As an example, consider the snub disphenoid:

The general issue here is that intuitive "fairness" comes from a polyhedron being face-transitive, or isohedral, so that we cannot distinguish any two faces from one another. Thus, if spun with enough random noise that any orientation of the shape is equally likely, we shouldn't expect any one face to be favored over another, since we can't even write down a property possessed by one face and not another without making reference to a fixed orientation or location on the solid.

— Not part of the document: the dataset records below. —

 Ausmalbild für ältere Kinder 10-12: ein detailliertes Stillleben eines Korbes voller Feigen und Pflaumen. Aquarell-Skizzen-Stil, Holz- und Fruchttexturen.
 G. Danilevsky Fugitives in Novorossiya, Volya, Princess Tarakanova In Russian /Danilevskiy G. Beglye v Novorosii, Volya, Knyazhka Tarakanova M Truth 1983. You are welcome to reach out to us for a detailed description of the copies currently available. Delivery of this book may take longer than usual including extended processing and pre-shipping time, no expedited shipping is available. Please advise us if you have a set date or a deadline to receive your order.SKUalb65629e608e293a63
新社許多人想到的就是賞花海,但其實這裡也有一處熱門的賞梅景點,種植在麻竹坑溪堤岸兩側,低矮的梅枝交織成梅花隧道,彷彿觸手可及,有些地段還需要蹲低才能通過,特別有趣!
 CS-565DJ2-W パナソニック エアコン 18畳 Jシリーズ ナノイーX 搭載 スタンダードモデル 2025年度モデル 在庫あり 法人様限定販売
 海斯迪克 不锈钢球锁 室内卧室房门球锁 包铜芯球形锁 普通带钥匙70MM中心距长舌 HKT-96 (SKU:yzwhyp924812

But "having all congruent faces", or being monohedral, is not in general enough to guarantee face-transitivity; one can find other counterexamples among the non-uniform convex deltahedra, like the triaugmented triangular prism and the gyroelongated square bipyramid. I believe these are the only counterexamples with regular polygons as faces, but using non-regular faces we can find examples like the pseudo-deltoidal icositetrahedron, the rhombic icosahedron, and the Belinski dodecahedron.